Records drawn from a dataset
○ ○ ○ ○ ○
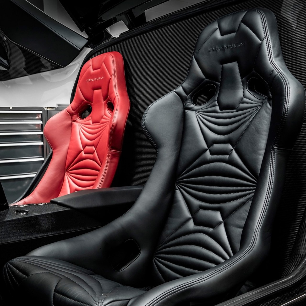 – Les deux occupants profitent d’une atmosphère rappelant celle de la course, avec un siège rouge pour le conducteur et noir pour le passager, tous deux installés au plus près du sol, l’instrumentation étant constituée de petits écrans digitaux…
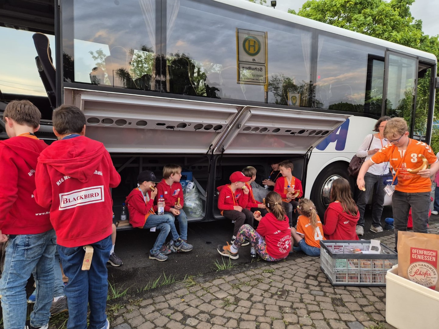 Bevor wir den Heimweg antraten wurde das Abendbrot verteilt, wir hatten Brezeln, Äpfel und Getränke im Bus bereitgestellt.
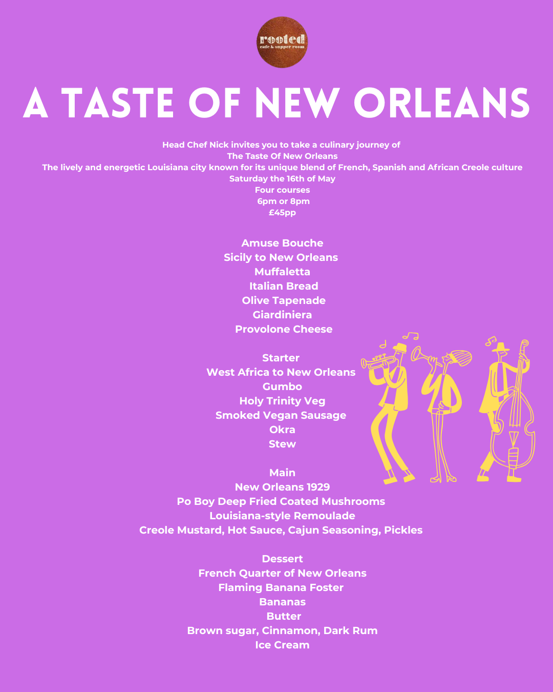 Here at Rooted, we bring our experimental seasonal dishes and local ingredients even further with our monthly supper club evenings. Join us on the last Saturday of every month for a one off menu inspired by our multicultural British heritage.
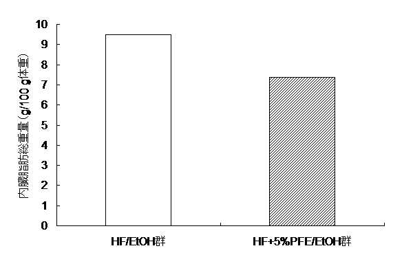 その結果、HF+5%PFE /EtOH群はHF/EtOH群と比較して、内臓脂肪総重量および血中GOT濃度の有意な低下がみられました。また肝臓解剖所見により脂肪肝の改善が確認されました。
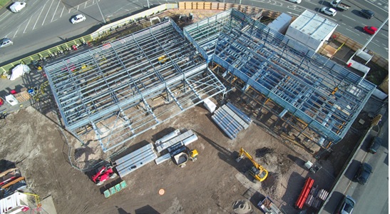 Duties then moved to a checking role, monitoring and inspecting the works as they proceeded and ensuring any issues where identified early and appropriate corrective action taken. This involved pre pour checks on the foundations utilising Site Engineering Guide Forms, checking holding down bolts, Plumb Line and Level of the steelwork and both pre pour inspections of the ground floor slabs and upper floors composite slabs.
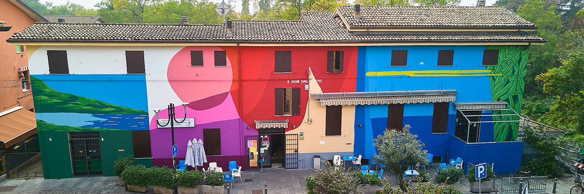 “I reinterpreted this facade with elements of color and graphic structures that have clear references to the life of the Social Center and that emerged during the meetings held with residents of the area,” says Vesprini of the inspiration for this new abstract exterior wall in Reggio Emilia, Italy. By asking questions and listening to the stories people told him in the Gattaglio District, he says he understood the way of life here and incorporated symbols, colors, and history into his composition.
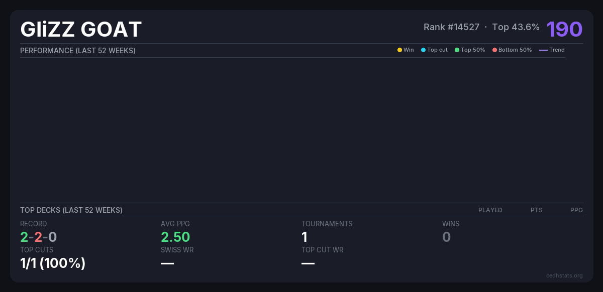 | Tournament | Deck | Result | Record | PPG | Points ? |
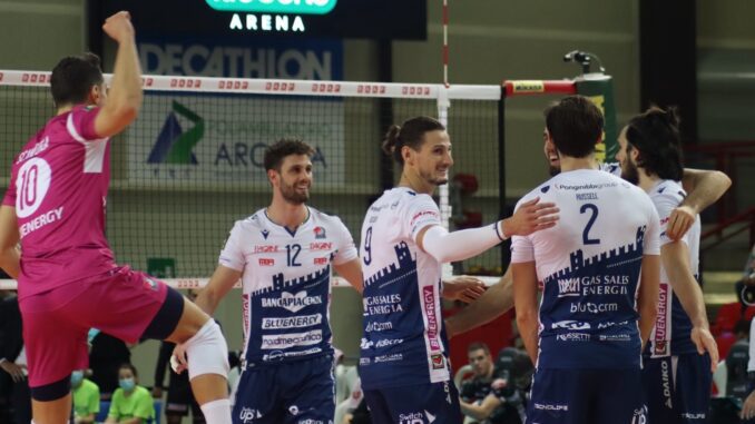 Sotto di due parziali la formazione di Cuttini non vuole più farsi sorprendere ed è brava a sfruttare anche un passaggio a vuoto di Piacenza. Un paio di errori in attacco regalano il 17-14 ai padroni di casa. I biancorossi risalgono ma non riescono mai a pareggiare i conti e la frazione finisce nelle mani della Kioene 25-22. I patavini non si accontentano e diventano protagonisti di una grande rimonta nella quarta frazione. La Gas Sales Bluenergy parte benissimo con il 4-0 di Holt e arriva anche a condurre 18-13 con un attacco di Lagumdzija. A questo punto arriva un black out in casa ospite, con Bottolo e compagni capaci di pareggiare a 20. Nel punto a punto finale hanno la meglio i padroni di casa 25-23.
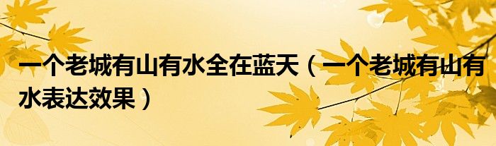 您好,今天帅帅来为大家解答以上的问题。一个老城有山有水全在蓝天,一个老城有山有水表达效果相信很多小伙伴还不知道,现在让我们一起来看看吧!
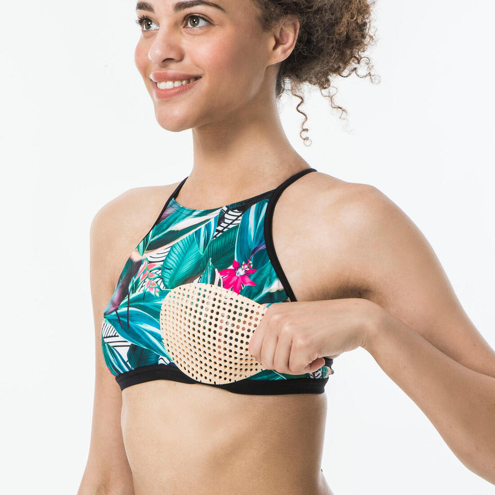 Avec son allure très sport, la brassière ANDREA couvre complètement la poitrine et joue avec les imprimés. Les épaules sont bien dégagées, parfait pour la pratique du surf ou du stand up paddle. Le dos quant à lui est totalement ouvert, de fines bretelles croisées et réglables permettent une bonne stabilité de la brassière dans les mouvements. La poitrine est bien contenue mais le maintien est modéré, cette brassière convient mieux aux petites poitrines. Contient des coques amovibles.
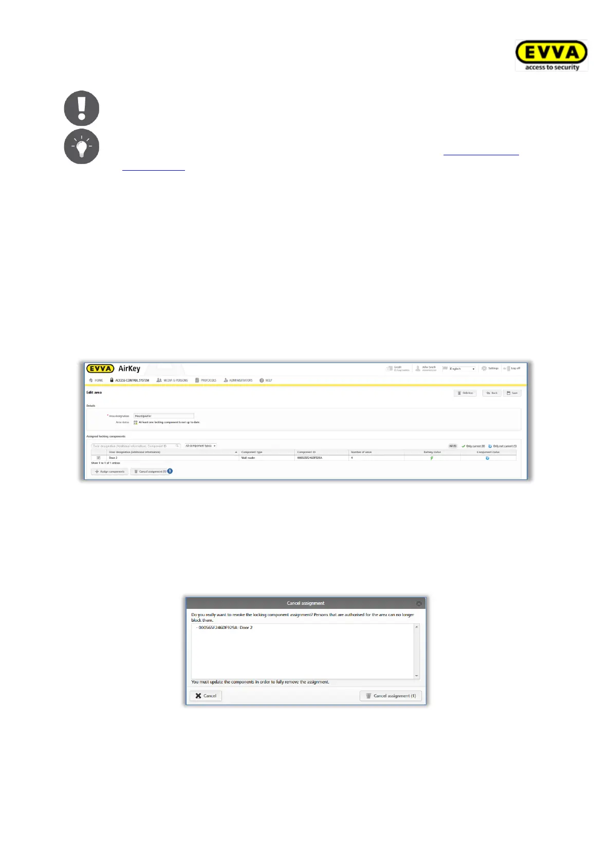 Proceed as follows to cancel assignments of one or more locking components to an area:
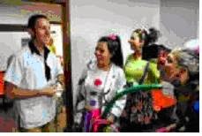 Gustavo GARCÍA Un torbellino de color, ilusión, risas y espectáculo revolucionó ayer la mañana en el Hospital de Jarrio. Un puñado de risueños payasos hicieron de las suyas, visitando los diferentes departamentos del centro llevando consigo un simple mensaje para los profesionales sanitarios: en el contacto con los pacientes, es recomendable presentarse, y preguntar «¿Cómo estás?» o «¿Qué tal?». El grupo Clowntigo, especializado en este tipo de actividades de animación por los hospitales asturianos, ha sido el vehículo elegido por los coordinadores de la iniciativa «Mírame, diferenciate» para trasladar el gesto de este mes: presentarse y preguntar.
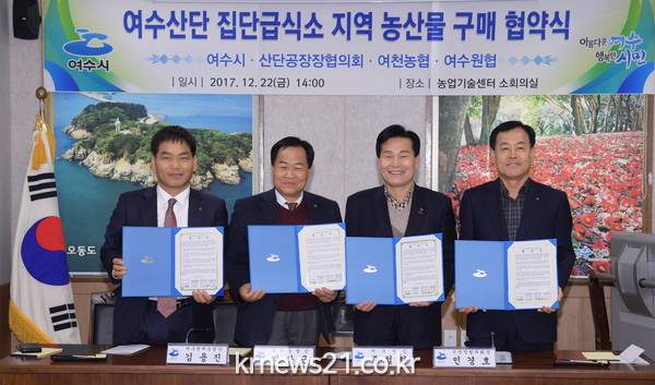 여수시에 따르면 지난 22일 농업기술센터 소회의실에서 ‘여수산단 집단급식소 지역 농산물 구매 협약식’이 열렸다.
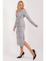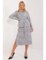 Tento elegantní komplet se skládá z dokonale padnoucího saka a šatů klasického střihu, které se hodí pro různé příležitosti, od práce až po obchodní schůzky nebo slavnostní události. Šaty bez rukávů působí velmi stylově a žensky. Zapínání na zip zajišťuje snadné a pohodlné oblékání šatů a zároveň dodává tradičnímu střihu nádech modernosti. Kulatý výstřih dodává šatům jemnost a zdůrazňuje jejich dekolt. Dominantním vzorem šatů je jemný potisk, který dodává šatům jemný půvab a eleganci. Dominantním materiálem je kvalitní bavlna, která zaručuje pohodlné celodenní nošení. Šaty mají midi délku, takže jsou univerzální a vhodné pro mnoho příležitostí. Sako, vyrobené ze stejného materiálu jako šaty, má dlouhé rukávy, takže je ideální volbou pro chladnější dny. Klasický střih a důraz na detail dodávají celkovému vzhledu profesionální nádech. Dalším prvkem je pásek na zavázání, který zvýrazňuje pas a dodává siluetě ženský tvar a eleganci. Tento komplet je ideální volbou pro ženy, které chtějí vypadat stylově, elegantně a přitom profesionálně během práce, obchodních schůzek nebo jiných formálních příležitostí.
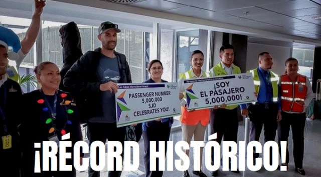 El Aeropuerto Internacional de Los Cabos rompe récord llegando al “Pasajero Cinco Millones”, celebrándolo en presencia de los usuarios procedentes de San Francisco en el vuelo de Alaska Airlines 279.
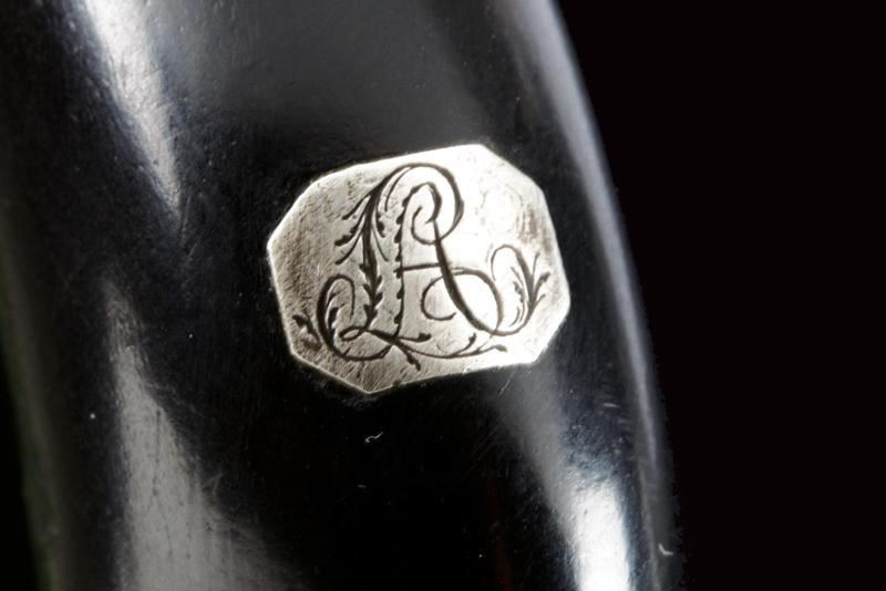Canna tonda, micro-rigata, damascata, svitabile, con mirino, cal. 11 mm. Lunga e ampia codetta incisa e munita di alzo. Castello di sezione ellittica in ferro finemente inciso sul lato sinistro; la base della canna marcata "AF" sotto corona e con numero "27". Calcio in ebano, la coccia con portacapsule dotato di coperchio a conchiglia in argento. Sul dorso uno scudetto in argento con monogramma del proprietario.
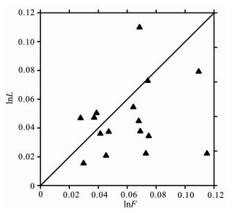 图 4 磁组构对数Flinn图解 Fig. 4 Flinn-type plot of lnL vs. lnF |
○ ○ ○ ○ ○
Task to complete
Could you reproduce exactly, and only, the lines from the start of the records through the line containing "PPG | Points ? |", leaving out the pictures?

Your solution
 – Les deux occupants profitent d’une atmosphère rappelant celle de la course, avec un siège rouge pour le conducteur et noir pour le passager, tous deux installés au plus près du sol, l’instrumentation étant constituée de petits écrans digitaux…
 Bevor wir den Heimweg antraten wurde das Abendbrot verteilt, wir hatten Brezeln, Äpfel und Getränke im Bus bereitgestellt.
 Here at Rooted, we bring our experimental seasonal dishes and local ingredients even further with our monthly supper club evenings. Join us on the last Saturday of every month for a one off menu inspired by our multicultural British heritage.
 その結果、HF+5%PFE /EtOH群はHF/EtOH群と比較して、内臓脂肪総重量および血中GOT濃度の有意な低下がみられました。また肝臓解剖所見により脂肪肝の改善が確認されました。
 Duties then moved to a checking role, monitoring and inspecting the works as they proceeded and ensuring any issues where identified early and appropriate corrective action taken. This involved pre pour checks on the foundations utilising Site Engineering Guide Forms, checking holding down bolts, Plumb Line and Level of the steelwork and both pre pour inspections of the ground floor slabs and upper floors composite slabs.
 “I reinterpreted this facade with elements of color and graphic structures that have clear references to the life of the Social Center and that emerged during the meetings held with residents of the area,” says Vesprini of the inspiration for this new abstract exterior wall in Reggio Emilia, Italy. By asking questions and listening to the stories people told him in the Gattaglio District, he says he understood the way of life here and incorporated symbols, colors, and history into his composition.
 | Tournament | Deck | Result | Record | PPG | Points ? |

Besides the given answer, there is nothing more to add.